NEW YORK/LUSAKA, le 26 novembre 2015 – Si la tendance actuelle se maintient, le nombre total de filles mariées pendant leur enfance en Afrique passera de 125 millions à 310 millions d’ici 2015, selon un rapport de l’UNICEF publié aujourd’hui à l’occasion du Sommet de la fille africaine. Cet événement est organisé par l’Union africaine à Lusaka, en Zambie.

Ce rapport statistique de l’UNICEF, intitulé A Profile of Child Marriage in Africa (en anglais - La situation du mariage d’enfants en Afrique), souligne que de faibles taux de réduction associés à une croissance démographique rapide sont la cause principale de l’augmentation prévue. Dans toutes les autres régions du monde, les taux actuels de réduction et les tendances démographiques font en sorte qu’il y aura chaque année de moins en moins de filles mariées pendant leur enfance. D’ici 2050, l’Afrique dépassera l’Asie du Sud en tant que région du monde ayant le nombre le plus élevé de femmes âgées de 20 à 24 ans qui ont été mariées pendant leur enfance.

« Le mariage d’enfants crée des normes qui sont devenues de plus en plus difficiles à éliminer, des normes qui diminuent la valeur des femmes. En prenant davantage conscience du problème, et en s’appuyant sur un processus de collaboration, nous pouvons éradiquer les effets dévastateurs du mariage d’enfants », a déclaré Nkosozana Dlamini Zuma, la présidente de la Commission de l’Union africaine.

Dans toute l’Afrique, le pourcentage de femmes mariées pendant leur enfance a baissé, passant de 44 pour cent en 1990 à 34 pour cent aujourd’hui. Parce que la population totale des filles devrait augmenter, passant de 275 millions aujourd’hui à 465 millions d’ici 2050, des mesures bien plus ambitieuses sont nécessaires. Même en doublant les taux actuels de réduction des mariages d’enfants, le nombre de femmes mariées pendant leur enfance augmentera.

Les progrès ont aussi été profondément inégaux : la probabilité qu’une fille appartenant au quintile le plus pauvre soit mariée pendant son enfance est aujourd’hui aussi forte qu’elle l’était il y a vingt-cinq ans.

Quand les enfants sont mariés, leurs perspectives de mener une vie saine et réussie diminuent considérablement, engendrant souvent le cycle de la pauvreté intergénérationnel. Les filles mariées pendant leur enfance ont moins de chances d’achever leur scolarité, risquent davantage d’être victimes de violence et d’être infectées par le VIH. Les enfants de mères adolescentes ont un plus grand risque d’être mort-nés, de décéder juste après la naissance ou encore d’avoir un poids insuffisant à la naissance. Les filles mariées pendant leur enfance sont souvent dépourvues des qualifications nécessaires pour trouver un emploi.

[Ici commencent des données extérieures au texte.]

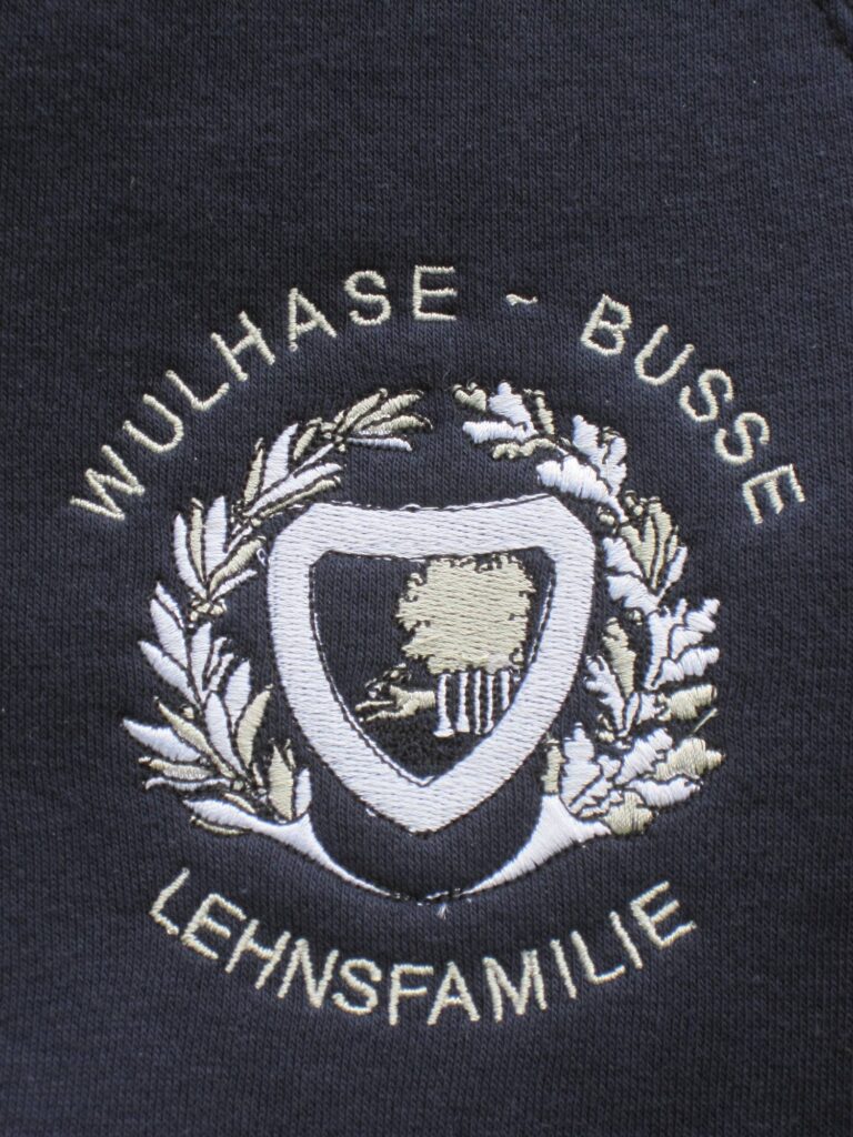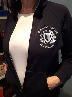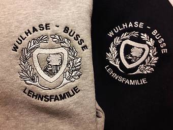 Zu unserem letzten Familientreffen konnten wir allen Anwesenden verschiedene Sweat-Jacken präsentieren, die mit unserem Wappen bestickt wurden.

L’Union africaine a lancé en mai dernier une campagne à l’échelle du continent pour mettre fin au mariage d’enfants. Elle a été suivie d’un plan d’action de la part des gouvernements; ce plan est destiné à réduire les taux de mariages d’enfants en permettant aux filles d’avoir un meilleur accès à l’enregistrement des naissances, à une éducation de qualité et à des services de santé reproductive, ainsi qu’à renforcer et appliquer les lois et les mesures qui protègent les droits des filles et qui interdisent le mariage avant l’âge de dix-huit ans.

« Le nombre de filles concernées, et ce qu’il signifie en termes d’enfances perdues et d’avenirs brisés, souligne à quel point il est urgent de bannir la pratique du mariage d’enfants une bonne fois pour toutes. Les données montrent aussi clairement que pour mettre fin aux mariages d’enfants, il faut prendre des mesures encore plus ciblées pour les filles les plus pauvres et les plus marginalisées, celles qui ont le plus besoin d’aide et sont les plus exposées aux risques, et leur donner accès à une éducation de qualité ainsi qu’à toute une gamme de services de protection. Leur vie et l’avenir de leur communauté sont en jeu. C’est une tragédie, chaque fois qu’une fille est mariée pendant son enfance. Une augmentation de leur nombre est intolérable », a déclaré Anthony Lake, le directeur général de l’UNICEF.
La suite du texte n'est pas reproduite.